* _Work instruction_: Leave out any pictures and transcribe all other data below exactly.

* _Data provided_:
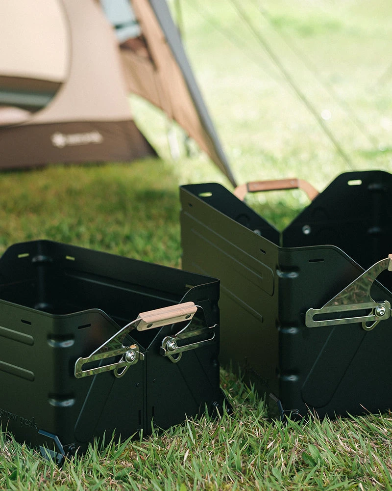 The Festival: Stacking Shelf Container 50 is a versatile storage solution. Keep it at home for convenient storage, or use it as a grab-and-go option for your camping gear. The Stacking Shelf Container 50 features bamboo handles for extra style and can also fold open to store bulky items such as firewood or blankets. Stack several containers to form a sturdy and durable shelf.Â
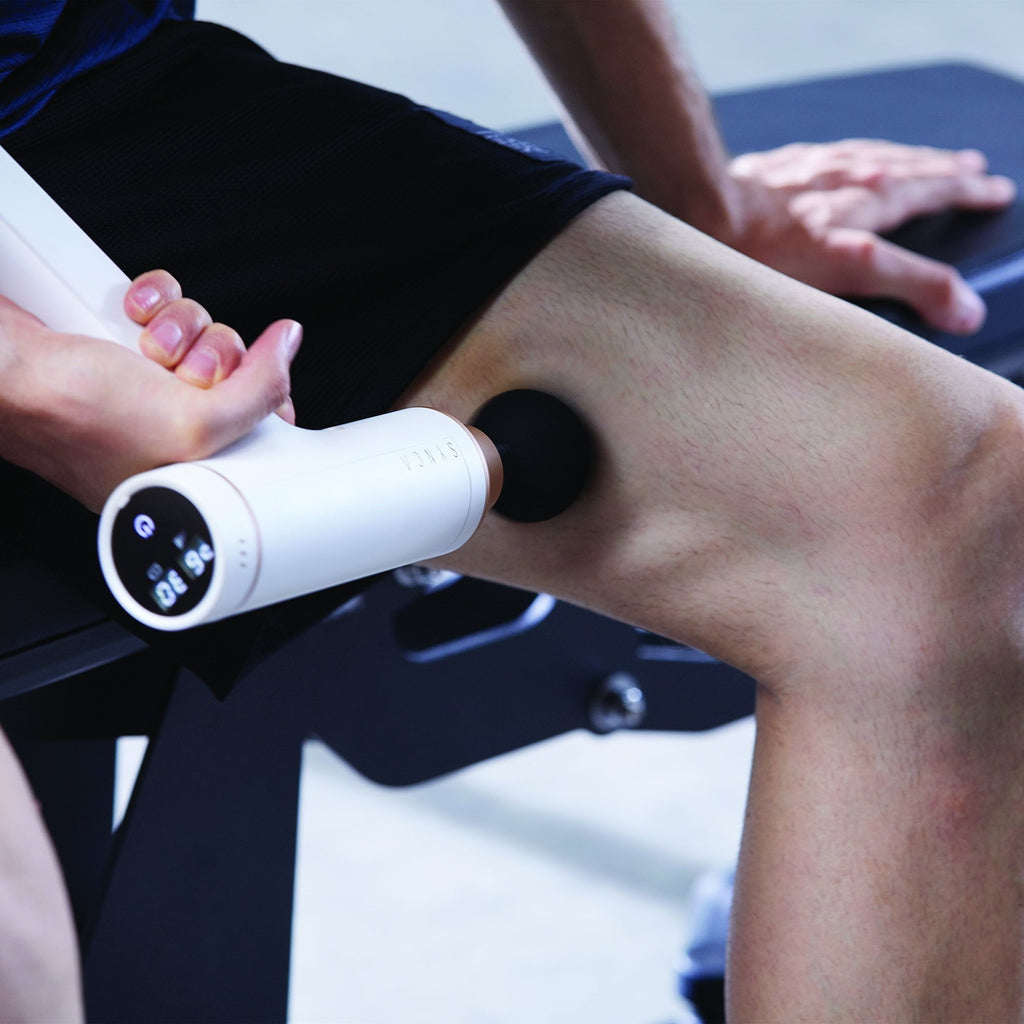 The Synca Wellness Kitta percussive massager uses high performance brushless motors to provide a deep penetrating massage to workout any muscle tension with ease. Brushless motors are quieter, more responsive, and last 4 times as long as a brushed motor. The kitta comes with 6 interchangeable quick dis-connect massage heads that ensure you have the right tool to deliver the most effective massage to the targeted muscle group. The 3rd gen Lithium Ion battery delivers up to 10 hours of usage so you'll run out of energy before your Kitta. The included travel case makes it easy to throw in your gym bag or take with you when your out and about. The external finish on the kitta is designed to be able to be easily wiped clean and doesn't have any rubberized handles that are difficult to sanitize and keep germ free. The Synca Wellness Kitta massager will become an essential part of your recovery process. -
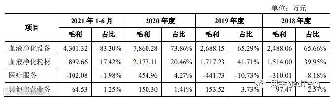 报告期内,公司毛利的主要来源于血液净化设备和血液净化耗材的销售,主营业务毛利构成情况如下:
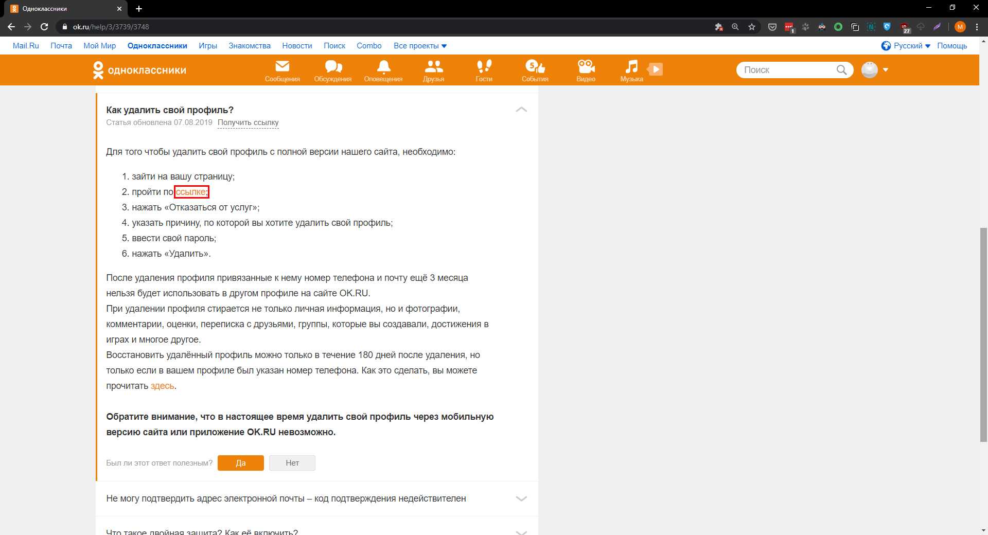 Официальная инструкция на сайте «Одноклассники» рекомендует удалять профиль на ПК. Поэтому теоретически разработчики могут отключить эту функцию на планшетах и смартфонах. Если у вас не получится попасть в меню удаления с мобильного устройства, попробуйте сделать это на компьютере.

* _Response to this task_:
 The Festival: Stacking Shelf Container 50 is a versatile storage solution. Keep it at home for convenient storage, or use it as a grab-and-go option for your camping gear. The Stacking Shelf Container 50 features bamboo handles for extra style and can also fold open to store bulky items such as firewood or blankets. Stack several containers to form a sturdy and durable shelf.Â
 The Synca Wellness Kitta percussive massager uses high performance brushless motors to provide a deep penetrating massage to workout any muscle tension with ease. Brushless motors are quieter, more responsive, and last 4 times as long as a brushed motor. The kitta comes with 6 interchangeable quick dis-connect massage heads that ensure you have the right tool to deliver the most effective massage to the targeted muscle group. The 3rd gen Lithium Ion battery delivers up to 10 hours of usage so you'll run out of energy before your Kitta. The included travel case makes it easy to throw in your gym bag or take with you when your out and about. The external finish on the kitta is designed to be able to be easily wiped clean and doesn't have any rubberized handles that are difficult to sanitize and keep germ free. The Synca Wellness Kitta massager will become an essential part of your recovery process. -
 报告期内,公司毛利的主要来源于血液净化设备和血液净化耗材的销售,主营业务毛利构成情况如下:
 Официальная инструкция на сайте «Одноклассники» рекомендует удалять профиль на ПК. Поэтому теоретически разработчики могут отключить эту функцию на планшетах и смартфонах. Если у вас не получится попасть в меню удаления с мобильного устройства, попробуйте сделать это на компьютере.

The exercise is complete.